Question

Let function $ f(x)={{(x-1)}^{2}}{{(x+1)}^{3}}. $ Then, which of the following is false?

• A. There exists a point where $ f(x) $ has a maximum value
• B. There exists a point where $ f(x) $ has a minimum value
• C. There exists a point where $ f(x) $ has neither maximum nor minimum value
• D. All of the above

Answer 1

The Correct Option is D

Given, $ f(x)={{(x-1)}^{2}}{{(x+1)}^{3}} $ $ f'(x)={{(x-1)}^{2}}3{{(x+1)}^{2}}+2(x-1){{(x+1)}^{3}} $
$=(x-1){{(x+1)}^{2}}[3(x-1)+2(x+1)] $
$=(x-1){{(x+1)}^{2}}[3x-3+2x+2] $
$ \Rightarrow $ $ f'(x)=(x-1)\,{{(x+1)}^{2}}\,(5x-1) $ ..(i)
For maxima or minima, $ f'(x)=0 $
$ \Rightarrow $ $ (x-1){{(x+1)}^{2}}(5x-1)=0 $
$ \Rightarrow $ $ x=-1,\,\,\,1,\frac{1}{5} $
Again, differentiating E (i) . r. t, x. we get $ f''(x)=(x-1)(5x-1)\frac{d}{dx}{{(x+1)}^{2}} $ $ +{{(x+1)}^{2}}\frac{d}{dx}(x-1)(5x-1) $
$=(5{{x}^{2}}-6x+1)2(x+1)+{{(x+1)}^{2}}(10x-6) $
$=2[5{{x}^{3}}-{{x}^{2}}-5x+1]+(5{{x}^{3}}+7{{x}^{2}}-x-3)\,(2) $
$ \Rightarrow $ $ f''(x)=2[10{{x}^{3}}+6{{x}^{2}}-6x-2] $ At $ x=-1,\,f''(x)=0 $
At $ x=\frac{1}{5},\,\,f''(x)<0 $ and at $ x=1,\,\,f''(x)>0 $
So, at $ x=-1, $
$ f(x) $ has neither maximum not minimum value At $ x=\frac{1}{5},\,\,f(x) $ has maximum value
At $ x=1,\,\,\,f(x) $ has minimum value

Answer 2

Ans.
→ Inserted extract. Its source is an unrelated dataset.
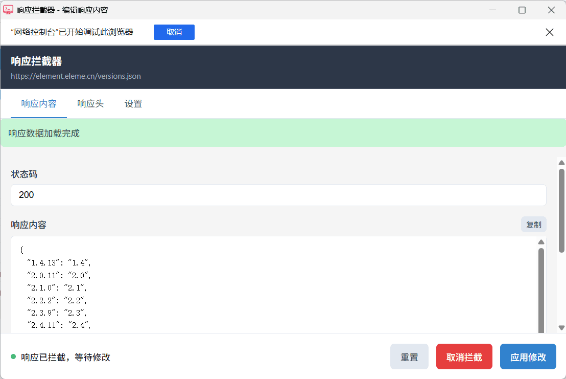 可以拦截并修改服务器返回的响应体数据, 并反馈到页面上, 可以快捷获取到想要的数据,方便调试前后端交互。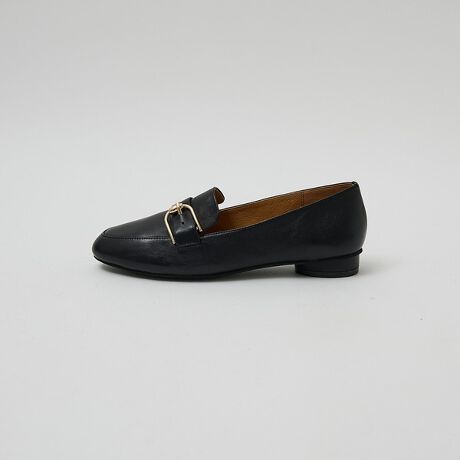 オリジナルで生み出したバックルを引き立たせる、シンプルなデザインのローファー。

The idea of derivatives may be used to locate the maximum and minimum of a function. To determine the gradient or slope of a function, derivatives are utilized; the places where the gradient is zero are referred to as turning or stationary points. These locations reveal the function's (locally) highest or lowest values.

Let, f(x) is the real function having an I interval. Then, f(x) will have the maximum value in the interval I if and only if a point “c” in the interval satisfies f(x) ≤ f(c) for all values of x ∈ I.

So, f(c) will be the maximum value function f(x) in an I interval, and point c will be known as the maximum value point of the f function in Interval I.

Let, f(x) is a real function having an interval I. Then f(x) will have the minimum value in the interval I, if there is a point “c” in the interval, satisfy f(x) ≥ f(c) for all values of x ∈ I.

So, f(c) will be the minimum value of f(x) in the given interval I and point c will be known as the minimum value in the given interval I.

f(x) is an extreme value function if a point c in the given interval I such that f(c) is either a maximum value or a minimum value of f(x) in the interval I and the point c is known as an extreme point.